The Pens would have 1:40 of PP time to start the second.

Recap: Hate started to surface.
Pens power play was all talk. They set up some shit. Still meaningless.
The Dump-in Bowl resumed after the power play.

Things picked up after a while.
Michalek Island stopping everything.

Ryan Malone got hurt somewhere. Like anyone gives a shit.
No clue if this even happened in the second period, but it is a cool pic.
Wait.  A single Pens forward forechecking fruitlessly and wasting energy?
That only happened like 600 times last night.

Orpik tries to buy a high stick on a hit behind MAF.
Lightning trying to buy calls by falling all over the Pens' zone. 
Marty St. Louis gets away with unlimited interference penalties.
What a mess.

But the Lightning were coming.
The Pens fought back with the Asham-CFA-Rupp line.
Mike Rupp was giving people finishing moves all over the ice.
News flash: Rupp-Asham-CFA has been the Pens' best line.

There may have been an 8-minute stretch where there wasn't a shot on net, though.

Asham starts attacking Adam Hall. No question he hit him in the balls.

Tampa starts to rough up Kovalev. Refs look the other way.

Then Downie throws the puck over the glass. The pending Downie suspension is probably a blessing in disguise for the Lightning. Terrible hockey player.
This is the point of the game where when you get a powerplay, you have to score.
The Pens set shit up.
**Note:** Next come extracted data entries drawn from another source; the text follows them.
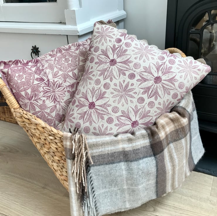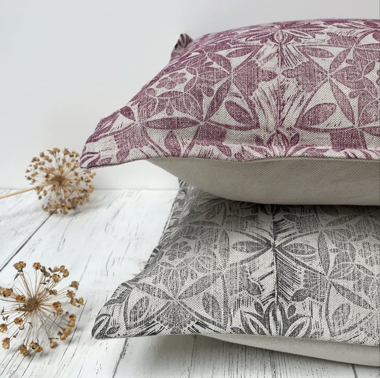 This unique design is block printed by hand using Eco-Friendly inks on to natural linen union fabric woven in Scotland. Finished with a stitched border, the reverse of the cushion is plain linen union fabric with an envelope enclosure
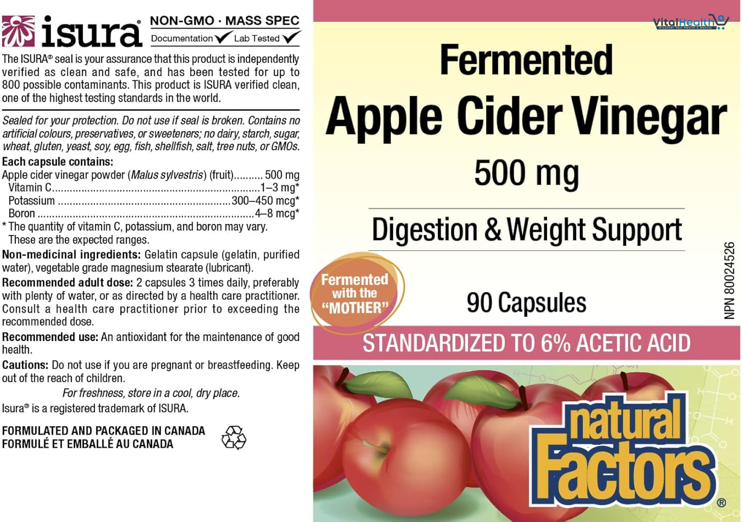Each capsule contains: Apple cider vinegar powder (Malus sylvestris) (fruit) 500 mg, Vitamin C 1–3 mg, Potassium 300–450 mcg, Boron 4–8 mcg, Vegetarian capsule (carbohydrate gum), purified water), magnesium stearate (vegetable grade).
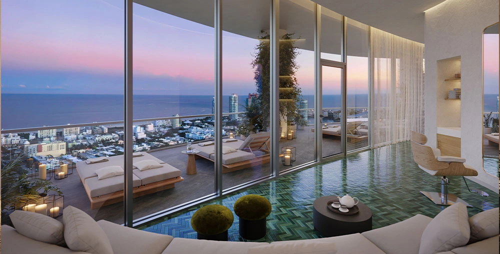 The 48-story residential tower consists of 98 condos with spectacular ocean, bay, and park views, pools, private dining rooms, a library, units for guests, indoor and outdoor gyms, a dog park, jogging paths, and a playground.
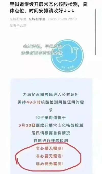 这个通知一出,好多地方已经改常态化检测为自愿检测了,北京东城区和平里街道甚至连用三个“非必要无需测”来提醒大家。
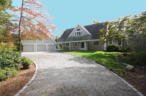 Round Hill...Accessed by a gravel circular drive, this handsome shingle-style home is privately situated amidst beautifully landscaped gardens and lawn. Foyer leads to dramatic great room with soaring beamed ceilings, fireplace...this spacious, open floor plan comfortably accommodates living room, dining area, kitchen with island...and with all rooms opening to sunroom, large screened porch and pergola shaded decks...Library with custom built-ins and first level master bedroom suite...Gracious stairway to lofted second level with two children's/guest bedrooms and luxurious bath. The three bay garage offers guest suite aloft with full bath...This quality built and meticulously maintained home overlooks the second tee and fairway. Enjoy all Round Hill amenities including white sandy beach, club house with pool, tennis courts and Trent Jones designed 9 hole golf course...the perfect family home for summer or year-round living near the sea.
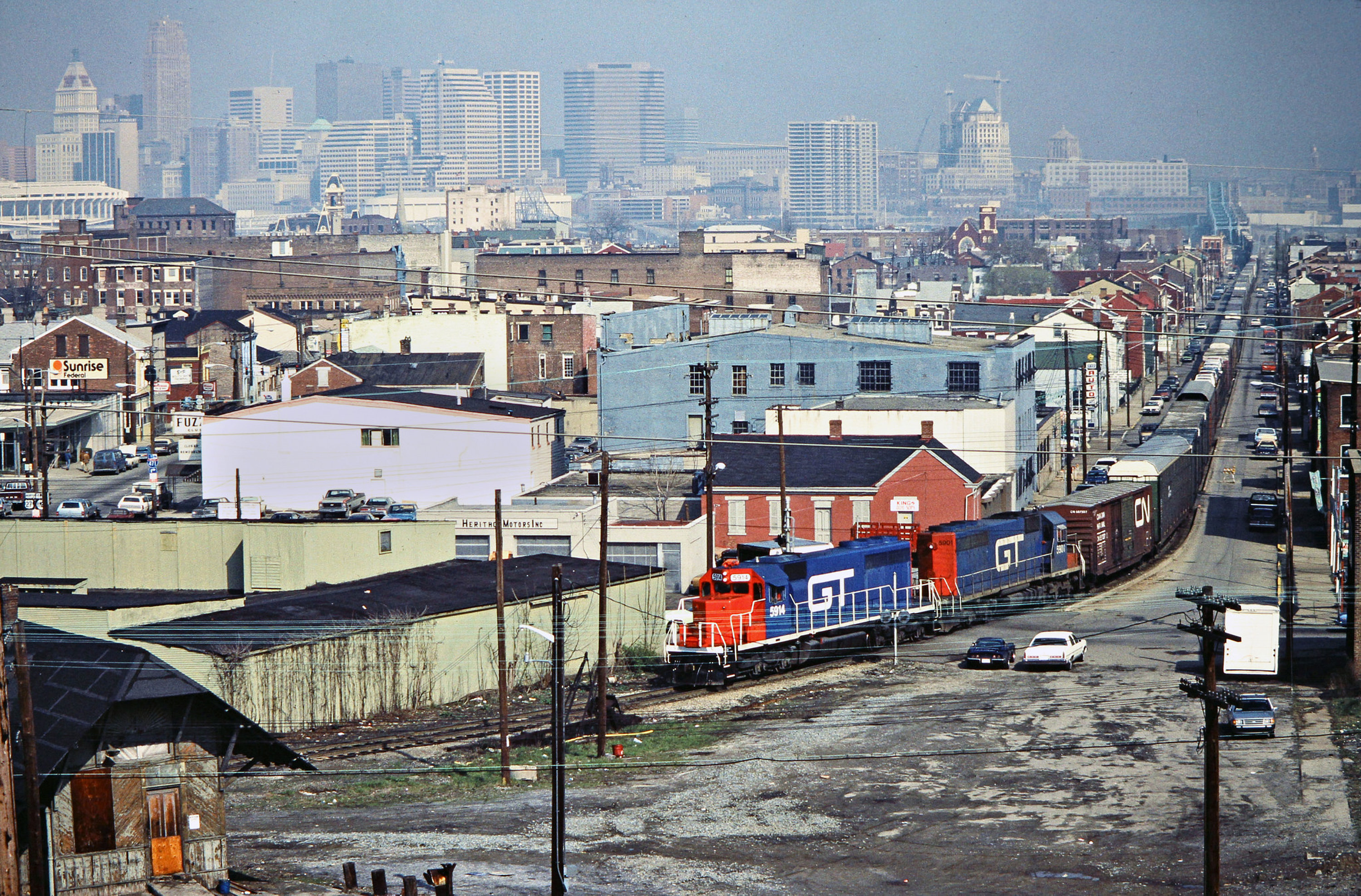 Old photo of the L&N on Saratoga Street in Newport Kentucky, looking north at 11th Street in 1984.
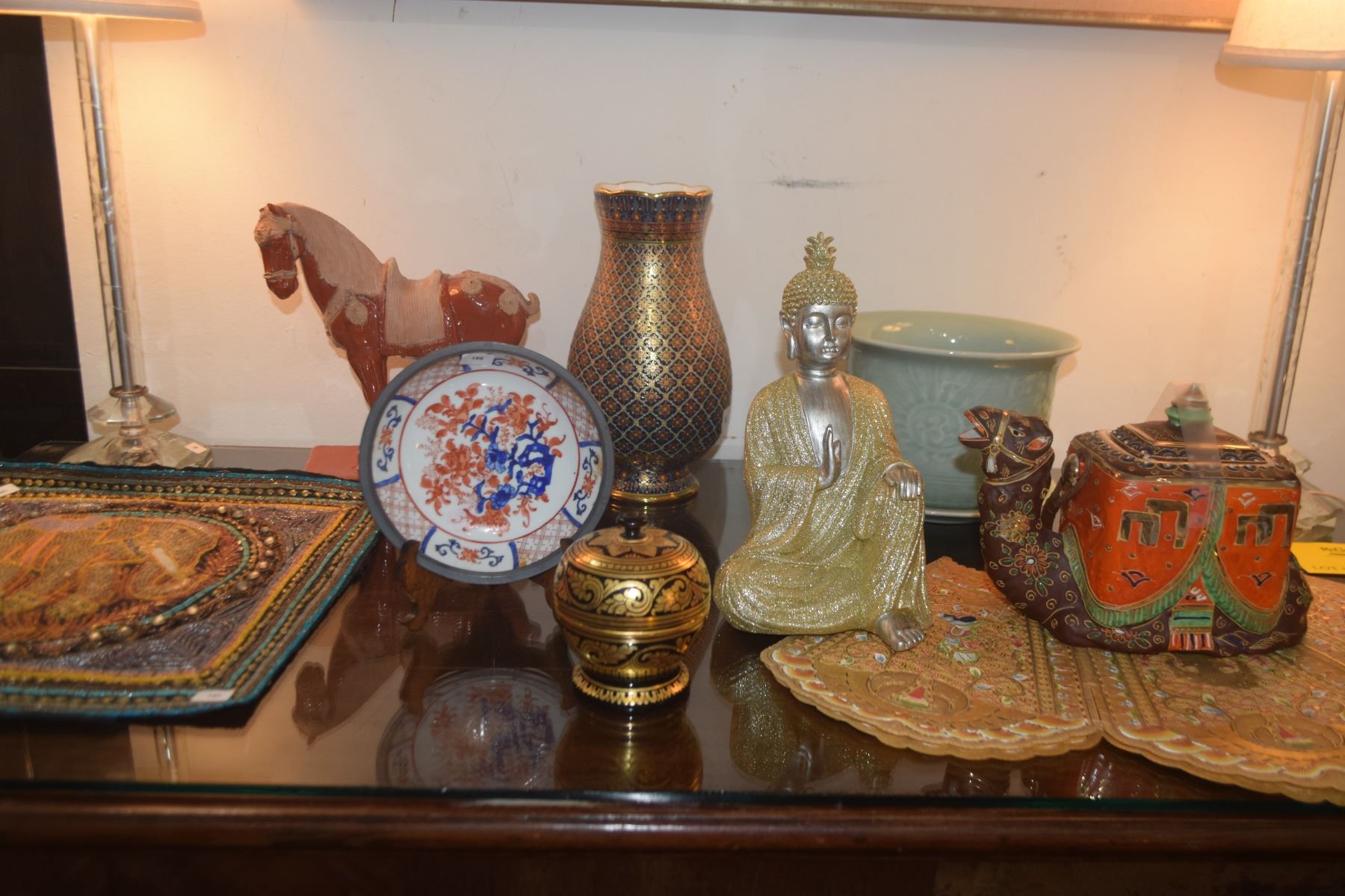 MIXED LOT: TEAPOT, VASE, TANG STYLE HORSE, PLANTER, PLATE & THAI BUDDHA (9 PCS)

Finally their chance happens.  And James Neal got robbed on the PP.  Great save by Roloson, but James Neal needs to bury that all day.  He was on the side of net where Bing city sets up. P retty sure he is cursed.
Recap: Boring period. Pens survive it with the lead.
The third starts off bad. Paul Martin gets tangled with Lecavalier rushing the net.
It's the type of call Sid gets every time. 
It took the Lightning four seconds to score.
Guess who:
The Pens could have folded after this goal.
But they didn't.
Off a faceoff shortly after the Lightning tied it, the Pens heard a different rally drum:
After all kinds of traffic. TK found it the puck and stuck it right in Dominic Moore's sac:
Eat it.  3-2.
17 minutes to kill off. The Pens made some adjustments and the Lightning couldn't get much. Chris Conner didn't do a whole lot in the first and second periods but he played a heroic third period. Every shift he had in the third period, he did shit.
Roloson made some unreal save on Conner midway through the third.
Still doesn't take away from Conner's performance.
Of course the Tampa found a way to get another powerplay. Ryan Malone is such a dick. Mike Rupp gets called for some type of penalty. But the PK kills it.
As time ticks away, MAF and the defense stand tall. The Lightning jerk everyone around at the end. Lecavjoke buys time on the bench by saying his visor needs wiped down.
But all the tricks in the world couldn't beat MAF.
Lightning got all the breaks and still couldn't win. They try some last surge.